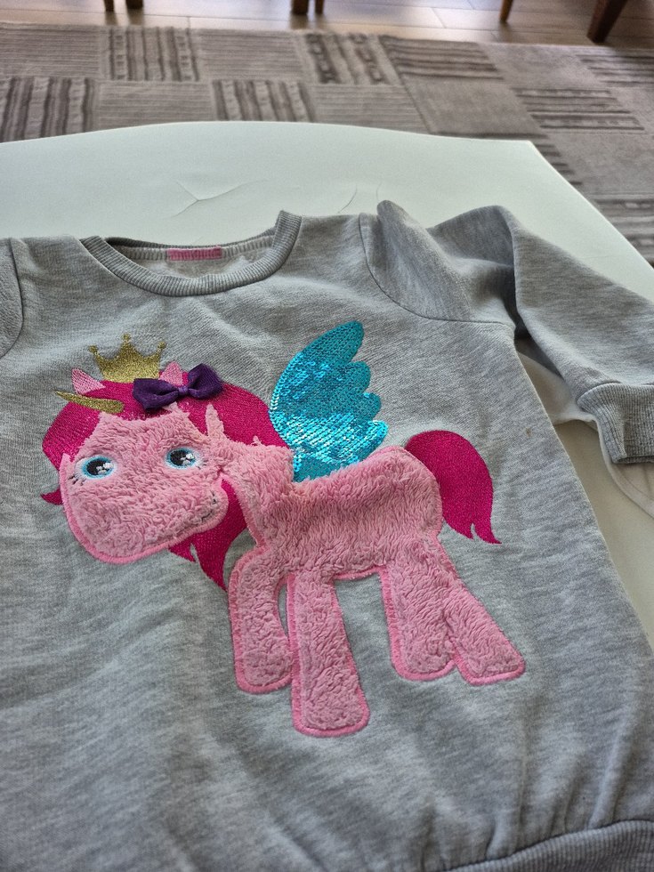 Gri renkli, baskılı ve sim detaylı kız çocuk sweatshirtü, yuvarlak yakalı ve uzun kolludur. Yumuşak ve sıcak kumaştan üretilmiştir.
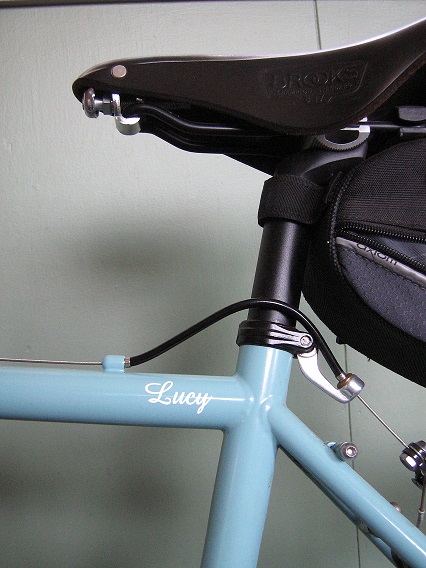 My DH gave me these name tags for my bikes for Christmas. Today I finally got one of them on one of my bikes! Here is how it looks:
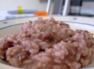 Fate soffriggere la cipolla nell’olio e aggiungete 1/4 di mestolo d’acqua. Unite il riso e fatelo tostare. Versate metà bicchiere di vino lasciandolo evaporare. Continuate la cottura aggiungendo il brodo via via che il risotto si asciuga. Nel frattempo tagliate a tocchetti la salsiccia e fatela rosolare in una padella. Versate il vino rimasto e la salsa di pomodoro, salate e lasciate cuocere per altri 5 minuti. Quando il riso sarà pronto, dopo circa 15 minuti, aggiungete la salsiccia con il sugo e la ricotta grattugiata. Mescolate e servite.
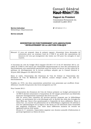 Il vous est proposé, dans le présent rapport, d'examiner deux demandes de subvention pour un montant total de 2 000 € au profit des associations de donneurs de voix qui enregistrent des textes sur CD pour les aveugles et mal-voyants.
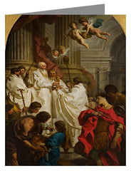 Standard 4½” x 5½” note card displays artwork on front. Your custom text is available on inside of cards. Includes envelope.
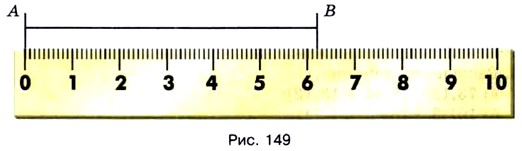 Если Длина отрезка АВ (см. рис. 149) ближе к 6 см, чем к 7 см. Она приближённо равна 6 см.
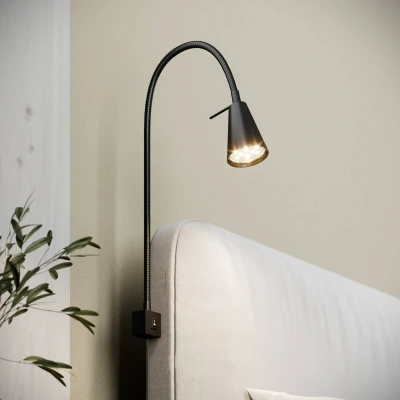 Tuso LED wall light with flexible arm and plate for mounting on the bed Whether on the left, right or top of the bed, the Tuso LED wall light can be mounted anywhere thanks to the mounting plate that can be adjusted 90° to the side. The long flexible arm offers maximum flexibility in the alignment of the light, so that the light position can be optimally adjusted for evening reading. The switch has been integrated into the angular base of the light, making it easy to reach from the bed. The Tuso LED wall light comes with a replaceable GU10 LED bulb and a transparent cable that is 180 cm long.
# # #
WHAT NEEDS TO BE DONE. Pictures do not belong in your copy; restate word for word the lines from the one containing "Il vous est" through the last line of the records above.

RESULT.
 Il vous est proposé, dans le présent rapport, d'examiner deux demandes de subvention pour un montant total de 2 000 € au profit des associations de donneurs de voix qui enregistrent des textes sur CD pour les aveugles et mal-voyants.
 Standard 4½” x 5½” note card displays artwork on front. Your custom text is available on inside of cards. Includes envelope.
 Если Длина отрезка АВ (см. рис. 149) ближе к 6 см, чем к 7 см. Она приближённо равна 6 см.
 Tuso LED wall light with flexible arm and plate for mounting on the bed Whether on the left, right or top of the bed, the Tuso LED wall light can be mounted anywhere thanks to the mounting plate that can be adjusted 90° to the side. The long flexible arm offers maximum flexibility in the alignment of the light, so that the light position can be optimally adjusted for evening reading. The switch has been integrated into the angular base of the light, making it easy to reach from the bed. The Tuso LED wall light comes with a replaceable GU10 LED bulb and a transparent cable that is 180 cm long.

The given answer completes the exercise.